This way, Microsoft gets their way with the theme changes & context aware runtime host, but I don’t have to look at all that extra markup that I’ll delete 100% of the time. Oh well… I’ll add that to my next wish list post.

New APIs for all component types

Now let me cover a few new APIs when it comes to SPFx components.

First, all components now have access to a boolean property isServedFromLocalHost that indicates if the component is served up from your local web server during development & testing, or if it’s been deployed and served up from a real environment (ie: where the URL of the component bundle doesn’t come from https://localhost.

New APIs for web parts

SPFx v1.14 includes a two (2) new APIs for web part development.

You can now check (or set) if group in the property pane is currently hidden with the new IPropertyPaneGroup.isGroupNameHidden?: boolean property.

A new method, BaseClientSideWebPart.onThemeChanged(), can be used by your web part to trigger a re-rendering of your web part if the user changed the theme. This can come in handy, for example when your web part is used to implement a tab in Microsoft Teams, when the user switches from the default (light) theme to the dark theme.

Updated APIs for web parts

SPFx v1.14 also introduces a new optional argument, clearDomElementCallback?: ClearDomElementCallback, to the end of the existing IClientSideWebPartStatusRenderer.displayLoadingIndicator() & IClientSideWebPartStatusRenderer.renderError() methods.

You can use this new optional argument to to clear a DOM element before the loading indicator or error element is displayed

New API for list view command set extensions - initiate re-render of the list view

As I alluded to in my introduction, this next section is where I see a lot of Alex’s influence.

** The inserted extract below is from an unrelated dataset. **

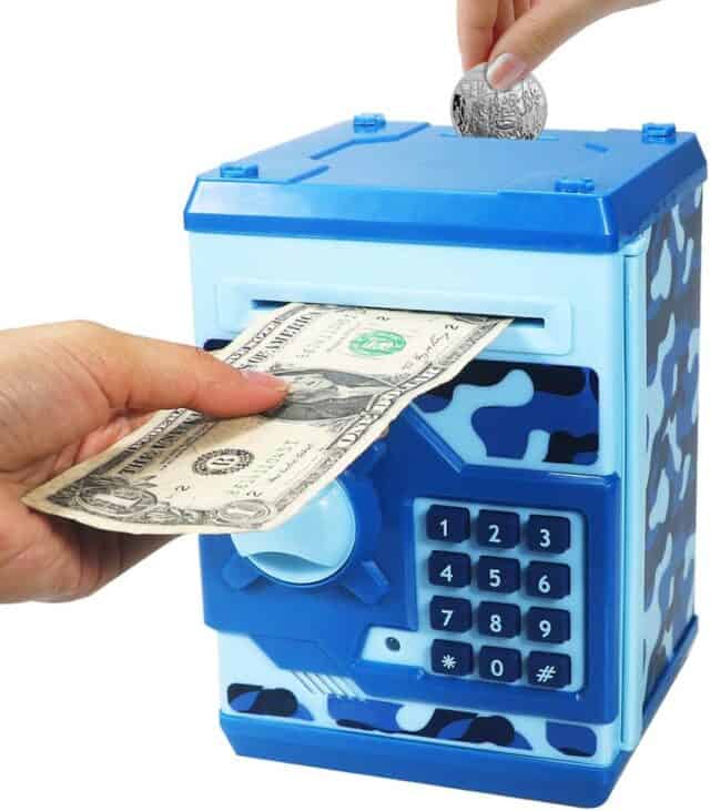 ATM Piggy Bank: this little money bank is not only adorable (comes in lots of colors), but it lets the kiddo set an electronic password (and it really works!). For a slightly more intense version, this ATM piggy bank from Lakeshore Learning is super fun. My sister’s kids have this one and love it!

Microsoft has made a lot of improvements on list view command sets.

First, we’ve been given a new method BaseListViewCommandSet.raiseOnChange that we can call from our command set to trigger the OnChange event that tells SharePoint to reflow, or re-render, the list view. This is useful if we’ve made a change to an item displayed in the list view, like toggling the state of an item. Without this, we had to hope the user would refresh the page to see the changes from our command set.

Because this method is available on the base component, you can easily call it like this:

public onExecute(event: IListViewCommandSetExecuteEventParameters): void {
  switch (event.itemId) {
    case 'COMMAND_1':
      // update a list item in the view
      // ...

      // tell SharePoint to re-render the list
      this.raiseOnChange();

      break;
    default:
      throw new Error('Unknown command');
  }
}

New API for list view command set extensions - disable commands

You can also disable list view commands with a new disabed property on commands where as before, we could only change the visibility state of a property.

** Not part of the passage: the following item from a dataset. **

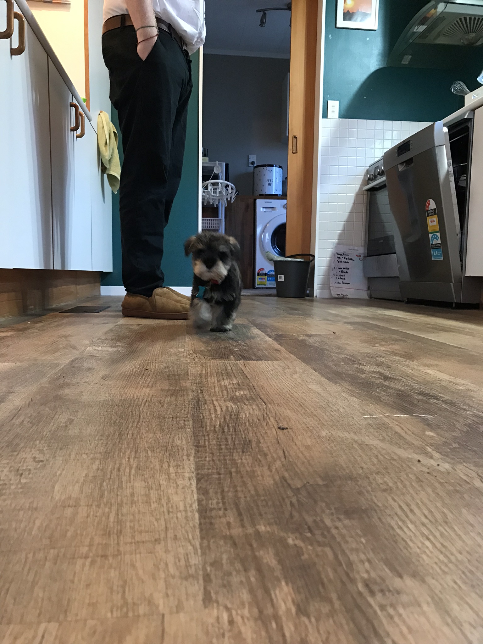 At first we set him up in the downstairs bathroom, with newspaper and his crate and bed. But then we felt bad and that he’d probably be lonely, so we moved him into a penned in area in the dining room. We felt bad leaving him there too, so we took him upstairs…but swiftly realised that wherever we put him he’s going to cry all night…so he went back down to the dining room and we hoped that he’d be okay.

Recall that the default code in a new ListView command set sets the visibility of a command based on how many items are selected?

public onListViewUpdated(event: IListViewCommandSetListViewUpdatedParameters): void {
  const compareOneCommand: Command = this.tryGetCommand('COMMAND_1');
  if (compareOneCommand) {
    // This command should be hidden unless exactly one row is selected.
    compareOneCommand.visible = event.selectedRows.length === 1;
  }
}

Well, now you can disable it instead of removing it:

public onListViewUpdated(event: IListViewCommandSetListViewUpdatedParameters): void {
  const compareOneCommand: Command = this.tryGetCommand('COMMAND_1');
  if (compareOneCommand) {
    // This command should be DISABLED unless exactly one row is selected.
    compareOneCommand.disabled = event.selectedRows.length === 1;
  }
}

New API for list view command set extensions - better insight into list view events & state

In addition to the change I mentioned above where we can initiate a reflow of the list view, we now have a completely new way of not only getting events from the list view, but we also can get a lot more context about the current view!

This new option replaces the existing onListViewUpdate() event to get details about the list view.

Warning: Read the deprecated APIs later in this post
Make sure you read the section below on deprecations as this new event is a complete re-implementation of how we accessed events in command sets. Specifically, the event onListViewUpdated() is deprecated in favor of the new option.

To access information about the current list view, you can access the list view property on the context of the page. From here, you’ll notice we have quite a few more properties than we had before:

Figure 3: Comparing how many new properties exist on the  context.listView property from SPFx v1.13.1 & SPFx v1.14

Figure 3: Comparing how many new properties exist on the context.listView property from SPFx v1.13.1 & SPFx v1.14

Most of these properties are self explanatory. They all apply to the current list view rendered on the page. For example, use the list property to get information on the current list and rows property to know what data is shown in the view, or what field it’s sorted on (sortField) and if it’s sorted in ascending order (sortAscending) or descending (sortAscending === false).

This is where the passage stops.